# Meshuggah M80M - Lundgren pickups?



## Velokki (Dec 18, 2014)

Hello sevenstringers!

I'm probably getting an Ibanez M80M now to replace my Schecter Omen 8. One thing I hated about the Omen 8 was the muddy pickups - they sounded ok for bedroom playing, but for recording they were definitely a no-go.

I noticed that the M80M has a Lundgren M8P pickup, and the more expensive model, M8M, has the M8 pickup. Can anyone tell me the difference between these pickups? What I'd like to achieve is clarity in sound, where really big chords sound clear and defined.
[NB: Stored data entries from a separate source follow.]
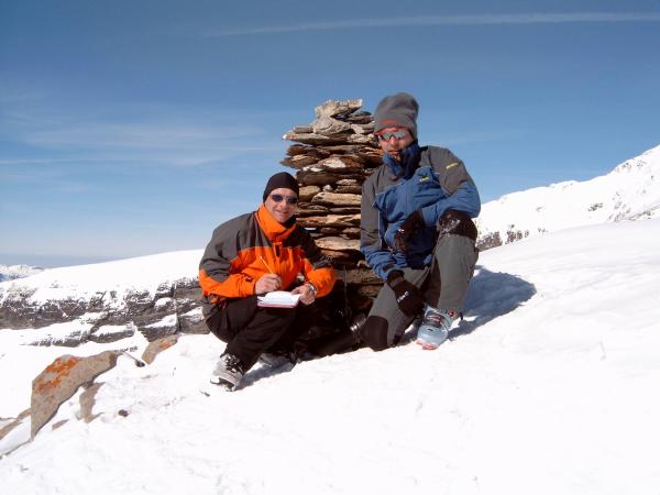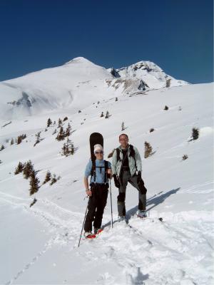 Gipfelhang sehr verblassen und sehr dünne Schneeschicht aber stabile Verhältnisse
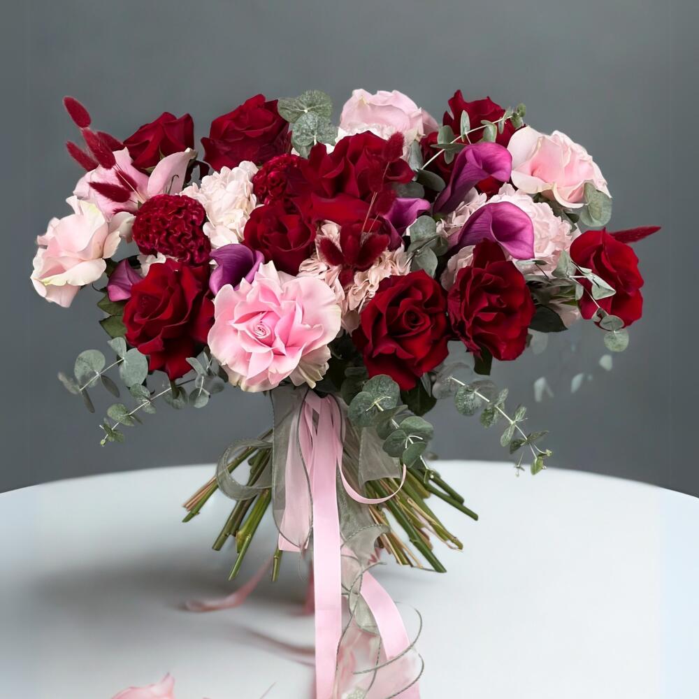 Шикарный букет в оттенках бордо, сливок и пудры — словно бокал дорогого вина в уютном свете вечера. Для тех, кто ценит глубину чувств и эстетику в каждом лепестке. Идеальный выбор для признания или изысканного подарка.
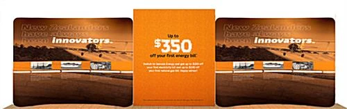 Pick-up extra fabric prints to switch up your trade show backdrop with these 3-panel replacement graphics for . The stretch fabric easily slides over the frames to create impressive displays and pulls tight to remove wrinkles for a clean, crisp look. To ensure that the full-color graphics remain in place, snap-buttons and hook-and-loops straps are stitched in discrete locations to keep the material tight without obstructing important text and images. As well, brilliant dye-sublimated ink ensures that the custom artwork retains its vibrant colors through multiple uses.
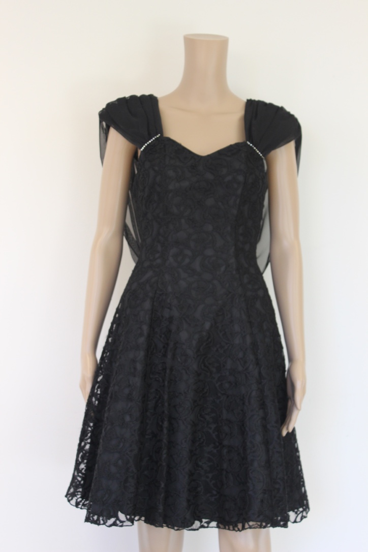 2017005 - Zwart cocktailjurkje van Valentina in maat 34/36. Het jurkje heeft baleinen bij de borst, sluit met een rits aan de achterkant en de rok is drie dubbellaags (de onderste laag is tule). Om de schouders zit een sjaal vast die los of achter geknoopt kan worden gedragen. Meer foto's op verzoek verkrijgbaar.
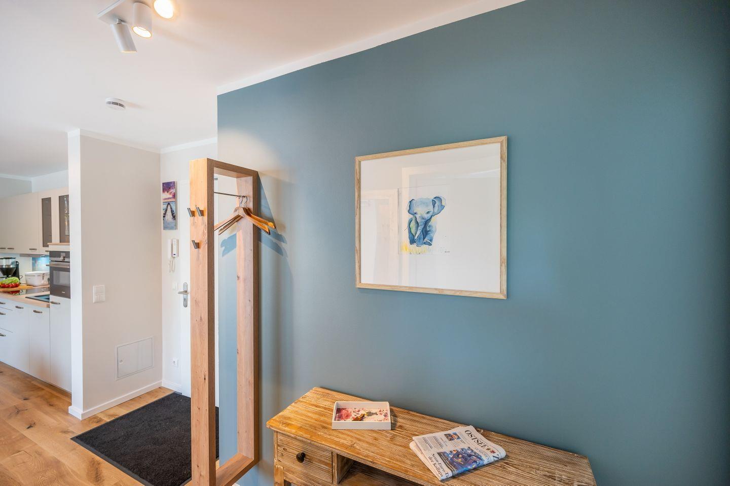 Unter dem Motto Sand & Meer begrüßt Sie diese stilvolle Erdgeschoß Ferienwohnung in der 2022 neu erstellten Villa Schlossblick am Golfplatz Schloss Ranzow und direkt am bekannten UNESCO Nationalpark der Insel Rügen. Unter der Prämisse und Einhaltung der umgebenen Natur wurde sie dieser getreu, aber in höchster Qualität, im maritimen Flair eingerichtet. Zarte Blau- und warme Sandtöne sowie maßangefertigtes Holz Mobiliar sorgen für entspannte Atmosphäre - Urlaubsatmosphäre.
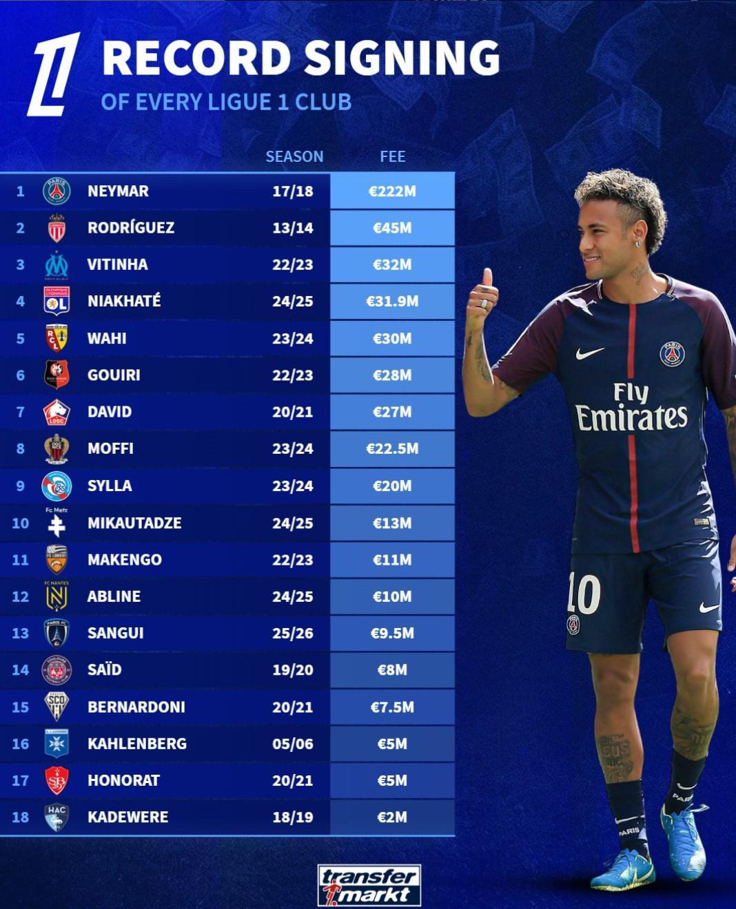 北京时间7月15日,德国转会市场网站列出了法甲18支球队队史引援转会费标王,其中内马尔2.2亿欧大幅度领先,J罗、乔纳森-戴维等人在列。
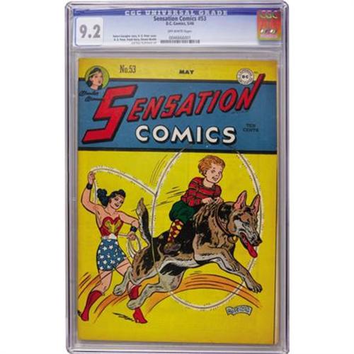 <B>Sensation Comics #53 (DC, 1946) CGC NM- 9.2 Off-white pages.</B></I> Sure looks like a pedigree copy, and it's one of the nicest that CGC has certified to date of issue #53. H. G. Peter cover and interior art is featured. Overstreet 2007 NM- 9.2 value = $650. CGC census 6/07: 3 in 9.2, 4 higher.<BR><BR><b>Shipping:</b> Comics - Slabbed (certified) (<a target="_blank" href="http://www.heritageauctions.com/common/shipping.php">view shipping information</a>)
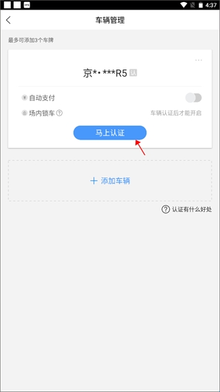 4、将车辆成功绑定之后就要进行认证,点击“马上认证”。

How would the stock M8P fare against the more expensive M8 pickup?

Thanks to everyone who gives me their 2 cents!


----------



## Dead-Pan (Dec 18, 2014)

They are the same pickup only Lundgren change to a plastic top as their old material would warp from sweat while playing.

I have a M80M and love it. Miles ahead of the RG8 I have and I had M8C's in it. 
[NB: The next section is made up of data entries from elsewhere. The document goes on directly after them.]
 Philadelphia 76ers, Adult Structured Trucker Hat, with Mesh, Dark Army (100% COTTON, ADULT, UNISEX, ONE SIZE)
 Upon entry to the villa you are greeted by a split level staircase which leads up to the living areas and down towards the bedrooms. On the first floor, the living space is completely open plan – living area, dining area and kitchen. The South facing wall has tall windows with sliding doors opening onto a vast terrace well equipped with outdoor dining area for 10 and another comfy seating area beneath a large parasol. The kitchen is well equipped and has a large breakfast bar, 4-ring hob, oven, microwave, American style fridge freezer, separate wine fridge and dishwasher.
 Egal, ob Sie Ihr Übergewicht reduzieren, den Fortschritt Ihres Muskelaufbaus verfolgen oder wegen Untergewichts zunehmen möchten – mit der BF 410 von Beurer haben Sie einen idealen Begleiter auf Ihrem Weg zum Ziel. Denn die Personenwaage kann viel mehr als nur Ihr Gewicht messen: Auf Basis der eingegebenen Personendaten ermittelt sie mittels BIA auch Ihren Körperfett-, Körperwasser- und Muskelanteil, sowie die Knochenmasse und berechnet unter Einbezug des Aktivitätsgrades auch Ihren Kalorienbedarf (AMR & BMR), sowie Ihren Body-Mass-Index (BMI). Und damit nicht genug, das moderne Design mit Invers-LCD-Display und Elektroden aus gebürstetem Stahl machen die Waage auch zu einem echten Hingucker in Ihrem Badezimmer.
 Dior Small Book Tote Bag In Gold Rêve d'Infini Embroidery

Only thing I wish is that M8's had more output. 

I am a diehard Lundgren M series user. The M6 is the most ridiculously good pickup I have come across. Holy heavy!


----------



## s2k9k (Dec 18, 2014)

Yeah there's really no difference. The same. And IMO they have plenty of output. (For my taste at least). Also Love how incredibly articulate they are as well.


----------



## Go To Bed Jessica (Dec 18, 2014)

The pickup in the M80M is a monster. Really full, tight and clear. It isn't massively high output, but I actually like that about it because you can roll back the tone knob and get a decent clean sound out of it.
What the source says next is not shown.